◆ Exercise:
Which lines mention "work"? Show each one from the listing.

◆ Data for processing:
[Start of Attachment]

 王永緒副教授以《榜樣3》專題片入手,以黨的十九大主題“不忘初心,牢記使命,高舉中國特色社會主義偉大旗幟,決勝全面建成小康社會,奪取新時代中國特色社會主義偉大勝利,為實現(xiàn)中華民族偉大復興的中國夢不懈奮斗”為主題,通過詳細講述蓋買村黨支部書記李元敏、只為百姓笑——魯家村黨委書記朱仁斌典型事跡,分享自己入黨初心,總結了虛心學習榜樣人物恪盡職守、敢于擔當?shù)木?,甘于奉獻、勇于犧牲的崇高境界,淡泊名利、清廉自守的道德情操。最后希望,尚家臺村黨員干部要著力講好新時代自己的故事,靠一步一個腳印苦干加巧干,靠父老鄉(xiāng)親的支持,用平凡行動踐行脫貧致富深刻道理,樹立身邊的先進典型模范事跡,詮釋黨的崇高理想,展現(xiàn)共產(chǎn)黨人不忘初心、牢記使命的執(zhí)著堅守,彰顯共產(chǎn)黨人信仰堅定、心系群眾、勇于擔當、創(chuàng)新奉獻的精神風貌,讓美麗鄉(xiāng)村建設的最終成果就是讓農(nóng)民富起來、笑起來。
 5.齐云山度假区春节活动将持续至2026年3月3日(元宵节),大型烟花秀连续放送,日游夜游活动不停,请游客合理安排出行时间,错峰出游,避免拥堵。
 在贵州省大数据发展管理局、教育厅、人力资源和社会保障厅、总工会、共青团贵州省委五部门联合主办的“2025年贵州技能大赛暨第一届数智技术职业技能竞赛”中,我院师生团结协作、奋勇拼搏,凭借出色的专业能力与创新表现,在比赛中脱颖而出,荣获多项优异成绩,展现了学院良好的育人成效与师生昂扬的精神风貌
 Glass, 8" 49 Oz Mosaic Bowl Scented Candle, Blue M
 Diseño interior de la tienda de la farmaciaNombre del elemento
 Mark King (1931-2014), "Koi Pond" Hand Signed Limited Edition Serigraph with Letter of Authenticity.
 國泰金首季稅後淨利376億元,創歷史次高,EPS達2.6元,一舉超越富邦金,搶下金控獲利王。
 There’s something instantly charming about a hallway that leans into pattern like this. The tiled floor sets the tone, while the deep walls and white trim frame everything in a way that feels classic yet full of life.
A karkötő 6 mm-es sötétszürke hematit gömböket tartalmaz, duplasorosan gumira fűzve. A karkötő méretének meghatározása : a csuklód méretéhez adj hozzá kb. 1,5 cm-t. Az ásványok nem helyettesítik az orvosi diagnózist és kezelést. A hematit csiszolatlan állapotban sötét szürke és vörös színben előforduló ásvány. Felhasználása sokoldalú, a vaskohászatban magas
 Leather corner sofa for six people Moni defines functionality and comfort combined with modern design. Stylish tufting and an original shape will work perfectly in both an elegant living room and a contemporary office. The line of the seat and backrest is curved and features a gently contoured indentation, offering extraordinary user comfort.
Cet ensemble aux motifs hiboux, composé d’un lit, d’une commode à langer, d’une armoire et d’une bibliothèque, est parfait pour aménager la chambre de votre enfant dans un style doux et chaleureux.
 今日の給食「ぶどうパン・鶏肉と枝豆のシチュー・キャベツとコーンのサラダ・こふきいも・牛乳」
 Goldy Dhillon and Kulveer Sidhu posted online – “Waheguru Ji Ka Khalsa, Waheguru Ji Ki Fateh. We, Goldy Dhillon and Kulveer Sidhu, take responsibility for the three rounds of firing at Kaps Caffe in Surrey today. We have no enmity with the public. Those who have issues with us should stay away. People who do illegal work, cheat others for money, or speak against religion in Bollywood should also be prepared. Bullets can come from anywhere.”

[End of Attachment]

◆ Task response:
 Leather corner sofa for six people Moni defines functionality and comfort combined with modern design. Stylish tufting and an original shape will work perfectly in both an elegant living room and a contemporary office. The line of the seat and backrest is curved and features a gently contoured indentation, offering extraordinary user comfort.
 Goldy Dhillon and Kulveer Sidhu posted online – “Waheguru Ji Ka Khalsa, Waheguru Ji Ki Fateh. We, Goldy Dhillon and Kulveer Sidhu, take responsibility for the three rounds of firing at Kaps Caffe in Surrey today. We have no enmity with the public. Those who have issues with us should stay away. People who do illegal work, cheat others for money, or speak against religion in Bollywood should also be prepared. Bullets can come from anywhere.”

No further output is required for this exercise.